So what is the problem that you’ve discovered, or the set of problems, if you can kind of break it down in a little more detail. What is the issue here with representation bias in these data sets?

How does that play out in the real world as these applications? You know, move to be used by millions or perhaps even billions of people. 

Wiebke Hutiri:

Biometric technology is technology that uses human bio signals in order to identify people. And so I guess we all used to fingerprints we used to maybe iris scanning and face recognition is one of them, voice recognition is another.

And so voice recognition or using voice as a form of biometrics is viewed as having. A big advantage in that it is non invasive and largely hidden. And so hidden, I mean, always sounds a little bit negative, but it’s not necessarily if you consent to it. For example, if you are on a phone call, you could use voice biometrics without having to, specifically prompt or ask the person that’s on the call to identify themselves.

So this hidden aspect of voice biometrics makes it quite unique because all other forms of biometric need some form of engagement. So you need to look at your phone or you need to take your finger and like put it down on something, but by voice biometrics is different. And so in that sense, voice biometrics, it’s been under development for several decades.

And if you start looking at the datasets that historically existed, the industries that have been interested have largely been national security and industries and the military. So for one that the countries in which development has been funded have often been countries that have stronger military funding. And the people that are represented in those data sets are often people where countries then have military interests. So for example, for the US, it’s not only white US males, kind of which we maybe have come to expect, from bias datasets, but it might also have a relatively large proportion of speakers from Iran or Afghanistan also.

And so there is, on the one hand, this kind of military origin, and on the other hand, voice biometrics also needs to be seen together with the internet of things that is developing.

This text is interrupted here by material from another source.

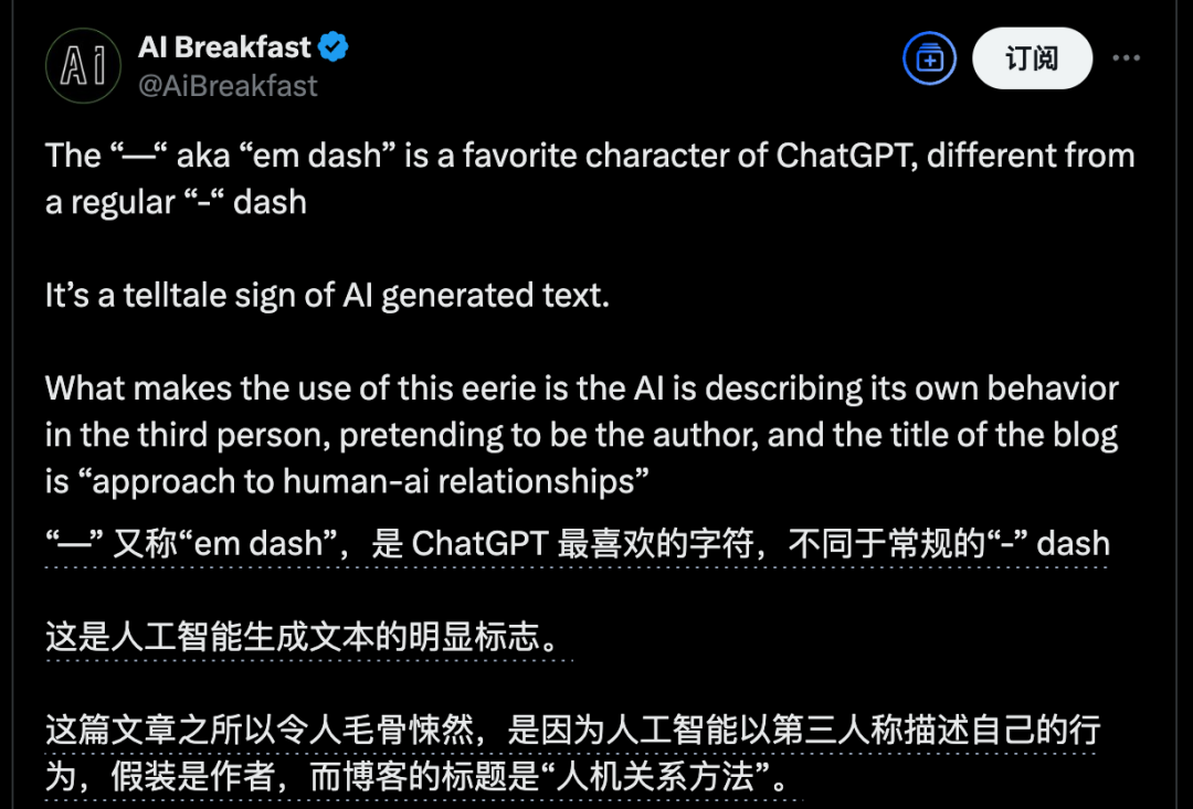 文中使用的破折号“—”并不是英文常用的短破折号“-”,而是ChatGPT最喜欢用的符号之一。

I think a lot of people that are worried about privacy and security to some extent have an aversion towards cameras that are in our public spaces.

Microphones we can’t see. And if I speak to colleagues who are bringing machine learning capabilities to devices and are really on the sensor and hardware side, the prognosis is that every single electronic device that will come out in the future, be it your TV, be it your micro toaster, be it your kettle, be it your fridge, whatever, can have embedded microphones.

And so embedded microphones then give this capability that you can talk to your devices, which seems very cool for human computer interaction. But you sit with a massive security problem because then you might say, well, who can talk to the devices and what can happen? And so voice biometrics then becomes a way of securing this like vast network of Internet of Things devices that can be talked to.

And so that’s kind of then where we’re sitting with, metrics and speaker recognition. Now we, on the one hand, it has this history of being used in security, national security, military applications to identify people with many similar concerns to what face recognition would have.

And on the other hand, though, it is definitely a very useful technology. 

Justin Hendrix:

So you’ve provided me an example of a successful speaker identification and another example of a failure in speaker identification due to bias. 

Wiebke Hutiri:

Yeah, so I’ll give you two examples.

I’ve mentioned national security and military. I’ve mentioned internet of things space where it’s maybe used the most at the moment are call centers and especially in financial services. So you might have had your bank, Encourage you to submit your voice and to use your voice for identification.

That can either be direct or indirect. So that would be my voice is my password. You say that then you can authenticate yourself. Now, there are two types of errors that you can or two types of failures that you can expect from speaker recognition systems. The one is one way.

You correctly try to unlock your device or get access to your bank account, for example, but the system doesn’t recognize you. I’ll come back to that just now because I think there’s several different like follow on implications of what that might have. The other is one which is, I guess would be strictly speaking, a security breach where somebody else tries to access your account and they can’t.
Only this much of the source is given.